» **Instructions to follow**
Please return, exactly and only, the lines beginning at the top of the entries below and ending with the line containing "su cui riflettere."; keep out the pictures.

Records contained in a dataset:
---*---

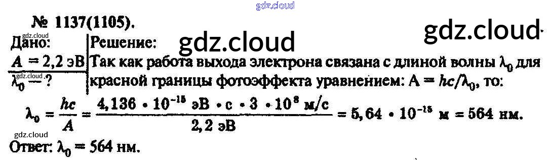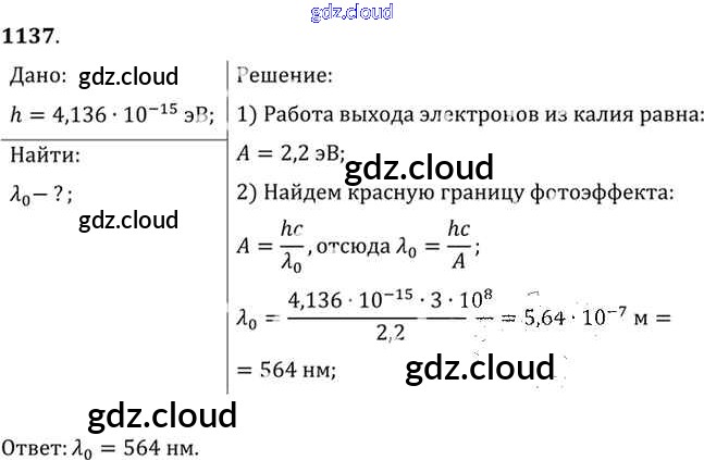 Ответ на задание 1137 Задачник Физика за 10, 11 (десятый, одиннадцатый) класс Рымкевич УМК 2013
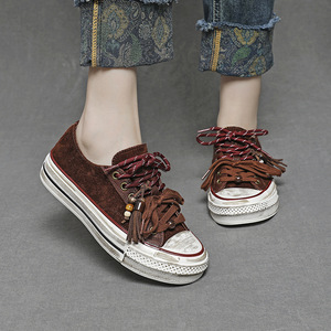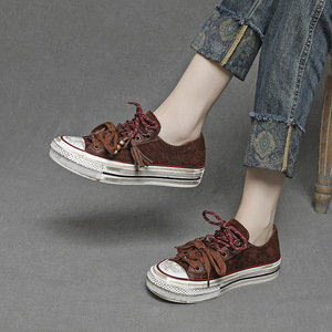 头层牛皮2025秋季新款做旧擦色脏脏鞋女平底系带百搭休闲板鞋女鞋
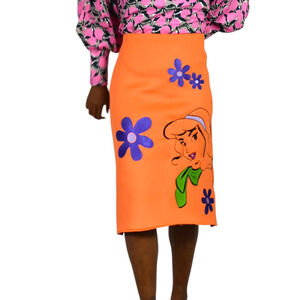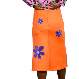 Get ready to solve some mysteries in style with this incredibly fun and unique Scooby Doo themed Daphne Blake pencil skirt by Yaya's Designs (appears homemade). This vibrant orange midi length skirt features an embroidered depiction of Daphne Blake from Scooby-Doo on the front complemented by purple flowers. The back also features the purple flowers giving it a playful, retro look. Zipper back closure.
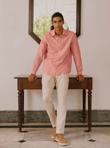Introducing the Jaipur Cotton-Silk Shirt, a contemporary style rooted in Indian heritage.This shirt is crafted from a luxurious blend of handspun cotton and mulberry silk, epitomising true elegance in a popular pink-salmon hue. It features exquisite fagotting details that add depth to the garment, while intricate openwork stitching creates a delicate pattern, making it a standout piece.While the silk lends a lustrous sheen and exquisite drape to the garment, the cotton adds to its overall softness and durability, ensuring an indulgent hand-feel and wear experience.Built on a legacy of excellence, each hand-crafted piece features minor variations in shade and texture, making it truly one-of-a-kind.Part of the MIRAI collection, where contemporary styling meets heritage fashion.
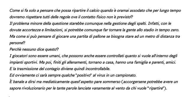 "Milano piange i suoi morti. La Lombardia e l’Italia intera sono in ginocchio e la vita di tutti noi è segnata da un presente devastante e da un futuro incerto. Abbiamo fino ad ora reputato che lo strumento più forte in nostro possesso fosse quello di esporci attraverso un impegno sociale- mai prima come adesso- necessario. Campionato sì, campionato no. Stadi pieni, stadi vuoti. Chissenefrega. Non può essere una diatriba e nemmeno un qualcosa su cui riflettere.
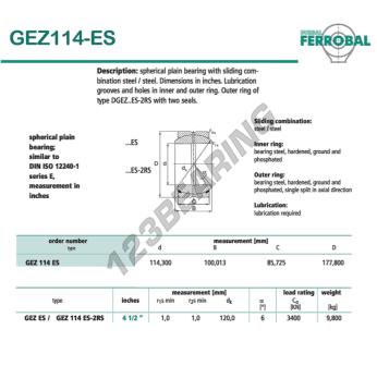 Il Giunti Sferici Geew noto come GEZ114-ES-DURBAL DURBAL ha un diametro interno di 114.3 mm, un diametro esterno di 177.8 mm e uno spessore di 85.725 mm.
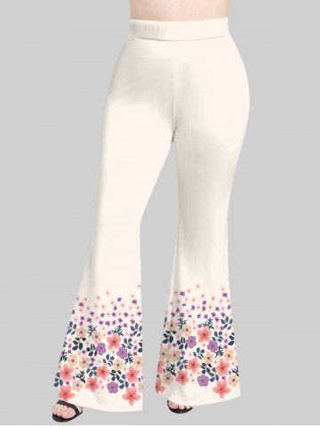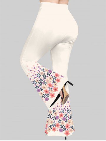 Plus Size Colorful Peach Blossom Flowers Leaf Print Flare Pants - Multi-a - 4x
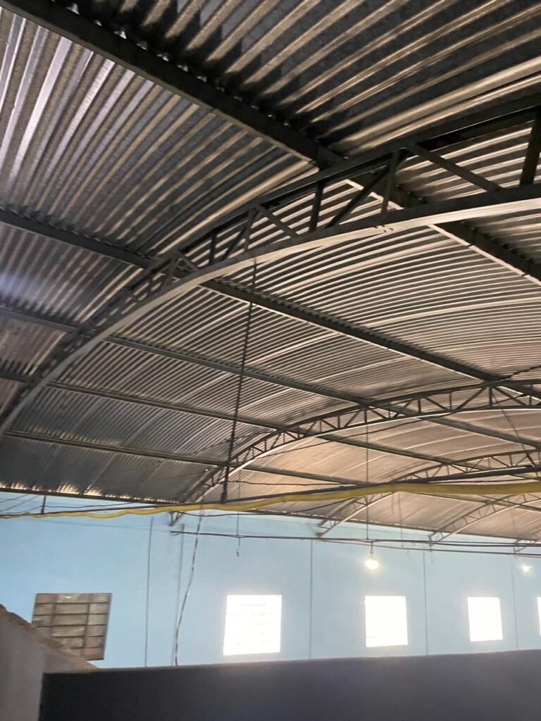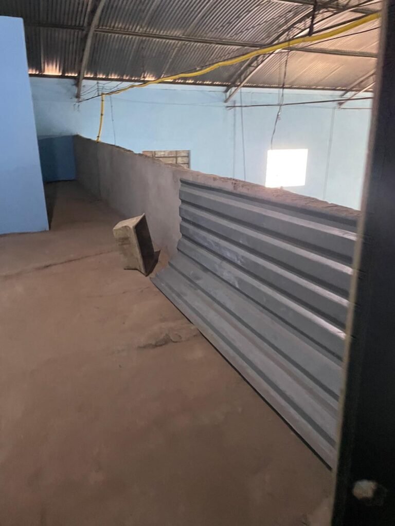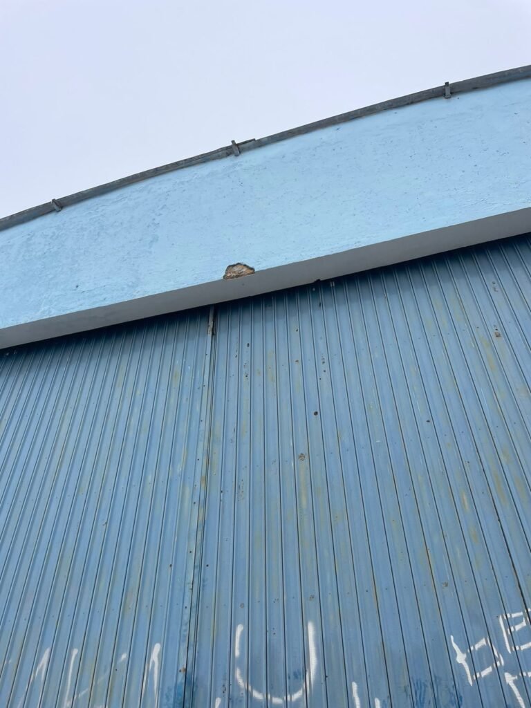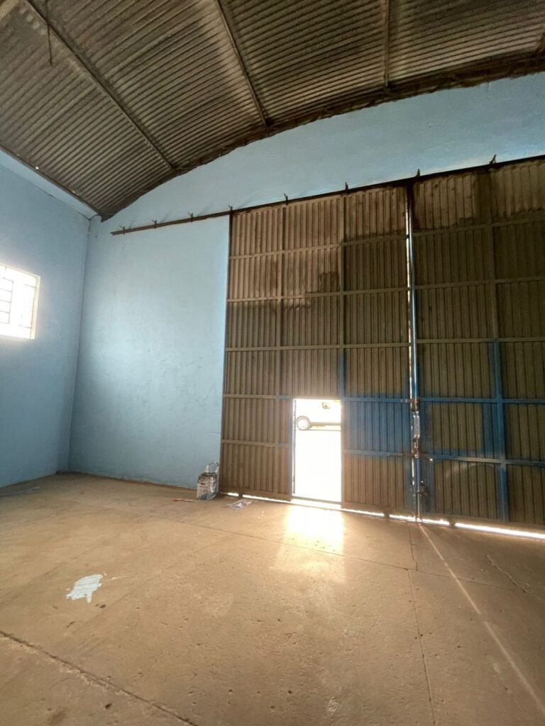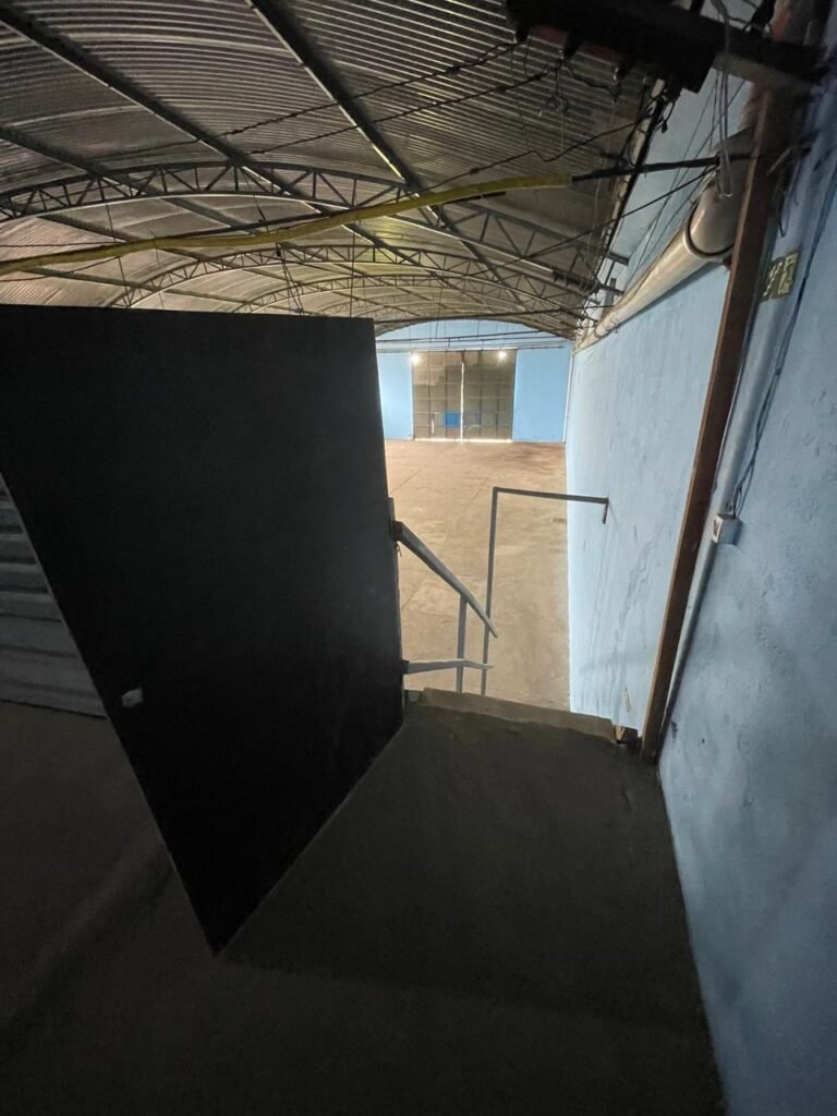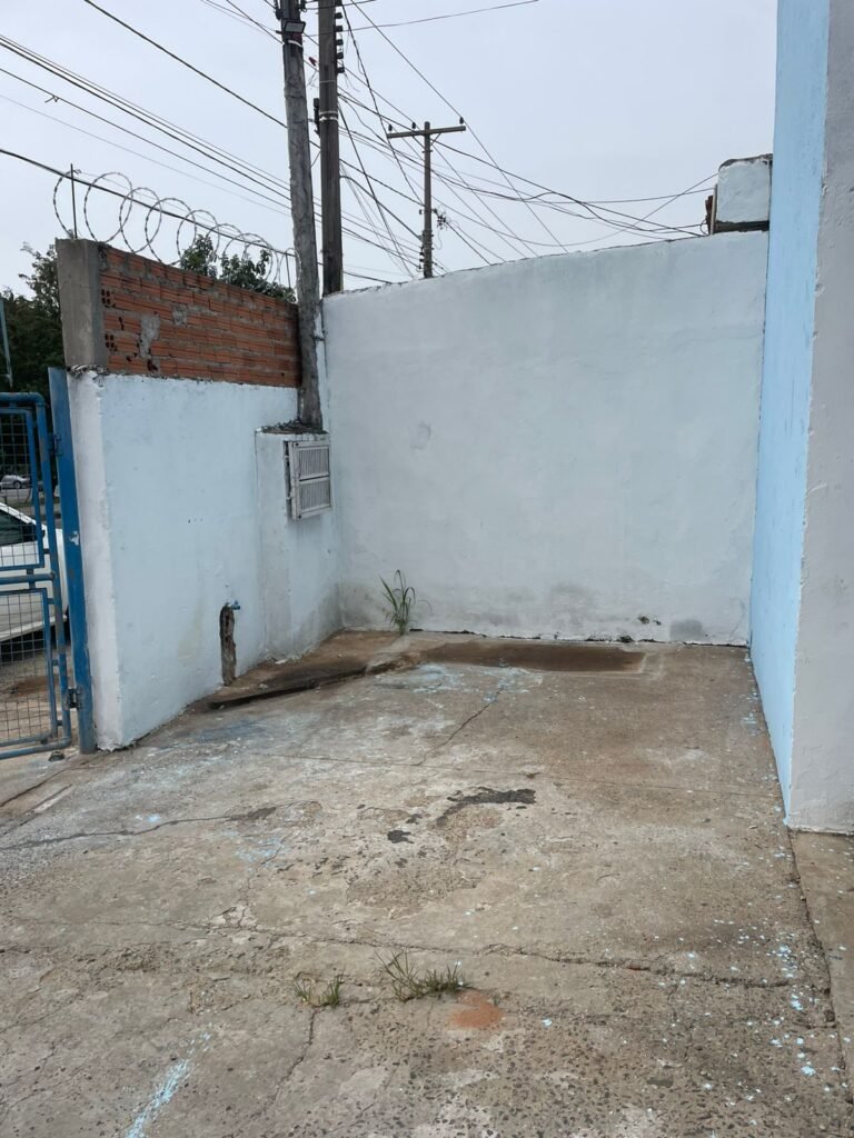 BARRACÃO-: 01 Portão deslizante de chapas de ferro em ordem, com pintura na cor azul com desgastes naturais e descasques, 02 puxadores em ordem, 01 fechadura alavanca em ordem, 02 fechaduras ferrolho em ordem, 01 trinco para cadeado em ordem e com 01 cadeado marca Pado em ordem, portão contém 01 porta social com 01 puxador em ordem e 01 fechadura start marca 3F com chave em ordem, piso em concreto desempenado com desgastes naturais, trincados e manchas pela extensão, paredes com pintura na cor azul com pequenas manchas pela extensão e restante em ordem, 06 vitrôs basculantes com esquadrias de ferro com desgastes naturais, 01 deles contendo 18 vidros canelados, restante contendo 14 vidros canelados, sendo que todos possuem 01 fechadura alavanca não testadas, ambos com vidros com desgastes naturais, manchas de tinta e trincados. 01 vitrô basculante isolado, 01 porta social de ferro isolada, 01 escada de madeira com guarda corpo com desgastes naturais, 01 ponto de água com 01 torneira de jardim em ordem, estruturas de ferro para iluminação, contendo cinco lâmpadas Led e 01 lâmpada incandescente, 06 tomadas sendo que 01 delas é 220 watts, 05 interruptores em ordem, 01 caixa de distribuição de disjuntor, contendo tampa em ordem e 01 disjuntor Steck SD-63C70 400v em ordem.

---*---

» **Output for this exercise**
 Ответ на задание 1137 Задачник Физика за 10, 11 (десятый, одиннадцатый) класс Рымкевич УМК 2013
 头层牛皮2025秋季新款做旧擦色脏脏鞋女平底系带百搭休闲板鞋女鞋
 Get ready to solve some mysteries in style with this incredibly fun and unique Scooby Doo themed Daphne Blake pencil skirt by Yaya's Designs (appears homemade). This vibrant orange midi length skirt features an embroidered depiction of Daphne Blake from Scooby-Doo on the front complemented by purple flowers. The back also features the purple flowers giving it a playful, retro look. Zipper back closure.
Introducing the Jaipur Cotton-Silk Shirt, a contemporary style rooted in Indian heritage.This shirt is crafted from a luxurious blend of handspun cotton and mulberry silk, epitomising true elegance in a popular pink-salmon hue. It features exquisite fagotting details that add depth to the garment, while intricate openwork stitching creates a delicate pattern, making it a standout piece.While the silk lends a lustrous sheen and exquisite drape to the garment, the cotton adds to its overall softness and durability, ensuring an indulgent hand-feel and wear experience.Built on a legacy of excellence, each hand-crafted piece features minor variations in shade and texture, making it truly one-of-a-kind.Part of the MIRAI collection, where contemporary styling meets heritage fashion.
 "Milano piange i suoi morti. La Lombardia e l’Italia intera sono in ginocchio e la vita di tutti noi è segnata da un presente devastante e da un futuro incerto. Abbiamo fino ad ora reputato che lo strumento più forte in nostro possesso fosse quello di esporci attraverso un impegno sociale- mai prima come adesso- necessario. Campionato sì, campionato no. Stadi pieni, stadi vuoti. Chissenefrega. Non può essere una diatriba e nemmeno un qualcosa su cui riflettere.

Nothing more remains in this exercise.